Steve Wozniak is a rock star in the world of information technology.

From his roots in Silicon Valley’s counter-culture movement to his position as one of the most powerful and influential people in IT, he sometimes seems larger than life. At the Avaya Evolutions conference in Toronto this past Tuesday, the organizers cleverly scheduled his appearance at the end of the day.

Nobody would have left before seeing the star of the show.
 
But why did Wozniak, and indeed, his longtime partner Steve Jobs, develop into such celebrated figures with legions of adoring fans? And more significantly, why has the establishment, which they once fought against, now embraced them to such an extent? As Melanie Dudek, an IT recruiter at Stafflink Solutions wrote, it often seems that “geeks are running the world.”
Wozniak himself offered an explanation. He spoke about meeting a 16-year-old Steve jobs (“a true hippie”) who didn’t fit the mold of traditional society. Jobs was “seeking the absolute minimalist of existence,” he said.
Jobs wasn’t an ordinary hippie. While some of the social goals of the counter-culture movement in the 1960s and 1970s were arguably achieved due to their protests and sit-ins, we tend to look back on the era as one of childish innocence.

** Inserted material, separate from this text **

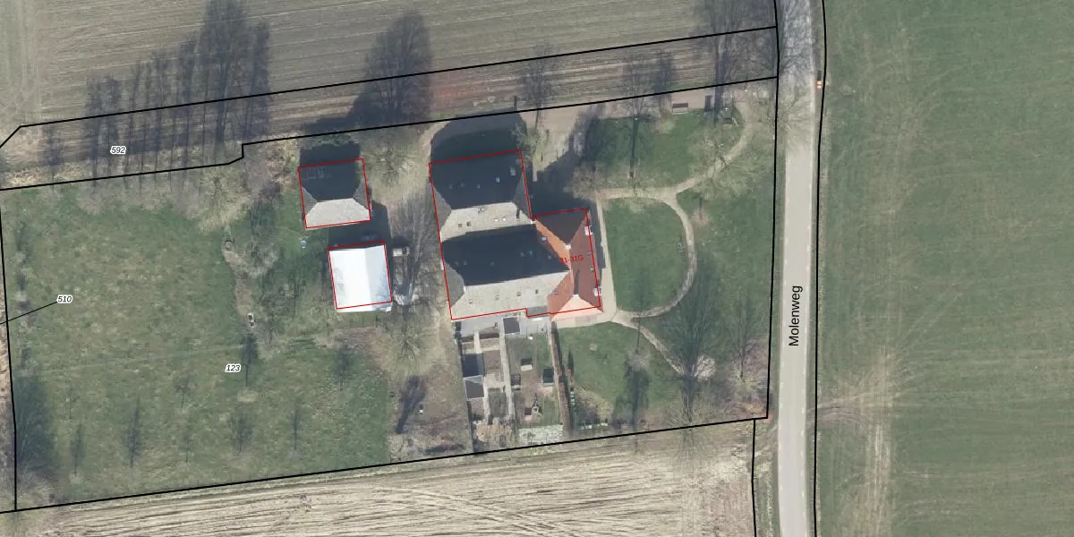 Het perceel waarop Molenweg 31-C staat heeft een oppervlakte van 8870 m². Dit is een zeer groot perceel. De perceeloppervlakte wordt geregistreerd door het Kadaster. Gedetailleerde informatie over de maten van dit perceel kunt u vinden in het rapport Kadastrale kaart met maatvoering van Molenweg 31-C.
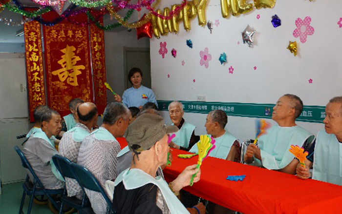 养老院里的生日/护理员为老人过生日

On the other hand, the hippies of Silicon Valley made a serious and, more importantly, enduring contribution to the way we live our lives.

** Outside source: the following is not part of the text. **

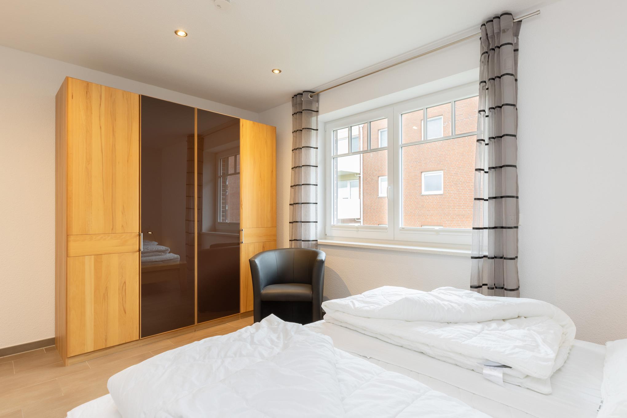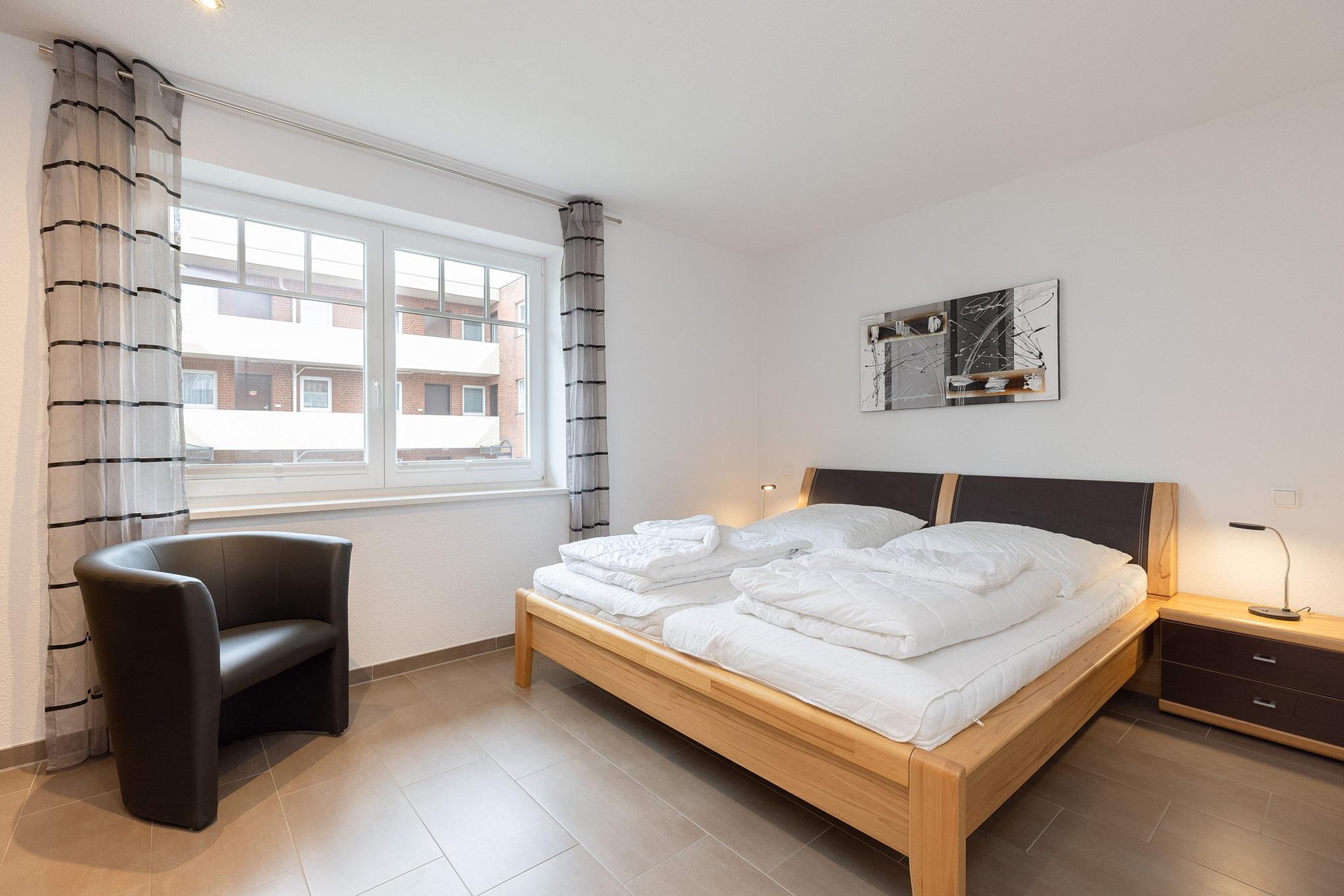 Separates, modern ausgestattetes Schlafzimmer mit einem Doppelbett und einem geräumigen Kleiderschrank. Das Fenster lässt sich durch einen elektrischen Außenrolladen vollständig verdunkeln, ein Fliegenschutzgitter ist vorhanden. Das Schlafzimmer ist gefliest (Fußbodenheizung).

“An awful lot of super-accomplished people that become executives and CEOs in later years went through that same phase,” Wozniak said. “A lot of people went through that phase when they were young, of just trying to be in a period of your life, trying to find where you are a little.”
Yes, we’ve all heard the expression: “just going through a phase.” But what should be the perspective of employers? Do they, like parents with free-thinking children, sometimes need to let their employees run loose?
In recent years, there’s been more of a willingness to allow people to take “professional development” courses, even those unrelated to an employee’s particular job. I met a senior executive from Xerox in one of my university history classes; he was studying “the history of the American West,” with the full blessing of his employer.
This would have been considered revolutionary at one time. As Wozniak said of Jobs, “in college, he wouldn’t take any of their courses, because it was their courses. They were telling him what to take. And he wanted to take all the advanced things he heard about: Shakespeare, quantum physics, calligraphy — you know, all these little interesting things.”
But times have changed. It’s a good sign that employers are recognizing that “all these little interesting things” can contribute to a healthier mind. It’s the equivalent of what geneticists call Heterosis, or  ‘hybrid vigour’— diversity in the DNA of an employee, and thus, the company as a whole, means better longevity. 
The purebred companies have realized, some more quickly than others, that a purely homogenous organization will have health problems in the future.
When Wozniak worked at Hewlett-Packard Corp. he recalls proposing the idea of engineering an $800 personal computer. “And Hewlett-Packard turned me down for the first of five times,” he said. 
 
“Good thing they turned me down. They had too much inbred corporate culture back then as the engineering company. They would have built a product for engineers.
“And even before the Apple II was out, they had a product they built, and it was only for engineers, and it was boring, and wasn’t going to start the personal computer revolution.”